Taylor Francis Online
Discourse analysis of the representations of women in Moroccan broadcast news
An interesting area of research that as yet has received little or no attention is the study of the representations of women in Moroccan media [Ennaji, M., 1995. A syntactico-semantic study of the language of news in Morocco. International Journal of the Sociology of Language, 112 (1), 97–112. Sadiqi, F., 2003. Women, gender, and language in Morocco. Leiden, The Netherlands: Brill Academic. Skalli, L.H., 2006. Through a local prism: gender, globalization, and identity in Moroccan women’s magazines. Lanham, MD: Lexington Books. Van-Mol, M., 2010. Arabic media and corpus linguistics: a first methodological outline. In: R. Rassiouney, ed. Arabic and the media: linguistic analysis and applications. Boston, MA: Drill, 63–79]. This article is an effort to fill the gap in this research area and contribute to the ongoing debate about the status of women in Morocco by analysing discourse representations of women in Arabic television news on the two main Moroccan television channels: 2M and Al Aoula.
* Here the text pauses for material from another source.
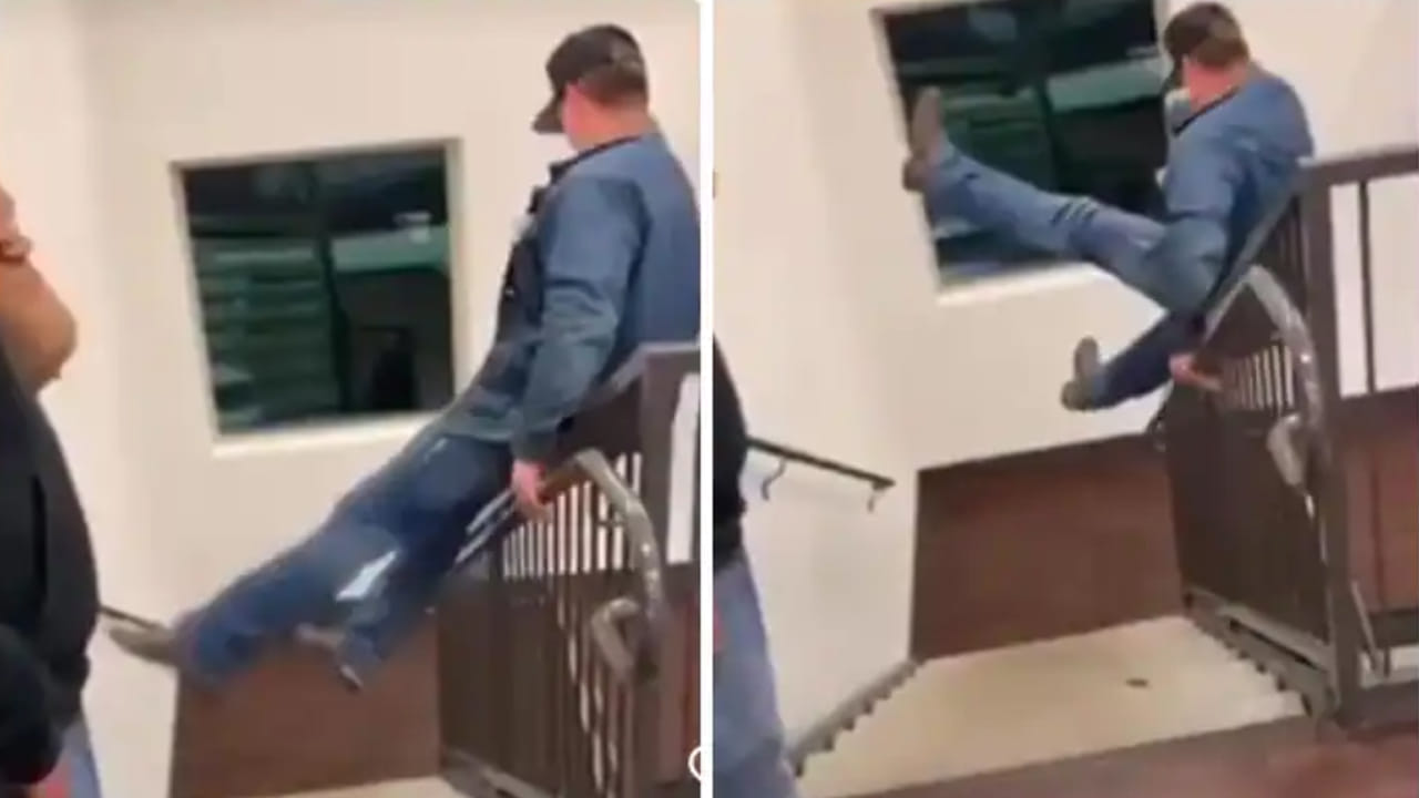 అనుకున్నట్లే రేలింగ్పై కూర్చొని జారేందుకు సిద్ధమయ్యాడు. అయితే కొంత దూరం బాగానే వెళ్లాడు. కానీ ఒక్కసారిగా అదుపు తప్పింది. రేలింగ్ నుంచి జారుతూ ఓవైపు జారిపోయాడు. దీంతో అదుపు తప్పు రేలింగ్కు అవతలి వైపు పడిపోయాడు. వీడియో గమనిస్తే ఆ మెట్లు సెకండ్ ఫ్లోర్పైనే ఉన్నట్లు కనిస్తోంది. నిజానికి రేలింగ్పై అంత ఎత్తులో నుంచి పడిపోతే తీవ్రంగా గాయాలు కావాలి. కానీ ఎక్కడో అదృష్టం ఉండడంతో బతుకు జీవుడా అంటూ బచాయించాడు.

Women’s representations are considered at a large scale (macrostructure) and at a smaller scale (microstructures) [Van Dijk, T.A., 1988. News as discourse. Hillsdale, NJ: L. Erlbaum Associates. Richardson, J.E., 2007. Analysing newspapers: an approach from critical discourse analysis. New York, NY: Palgrave Macmillan]. The results of our study showed the Moroccan television news programmes in Arabic on both channels favour two specific discourse perspectives: the conservative perspective which associates women with domesticity and traditional roles, and an alternative progressive perspective which associates women with modernity and economic development. Both empowering and disempowering elements are present in the two discourses.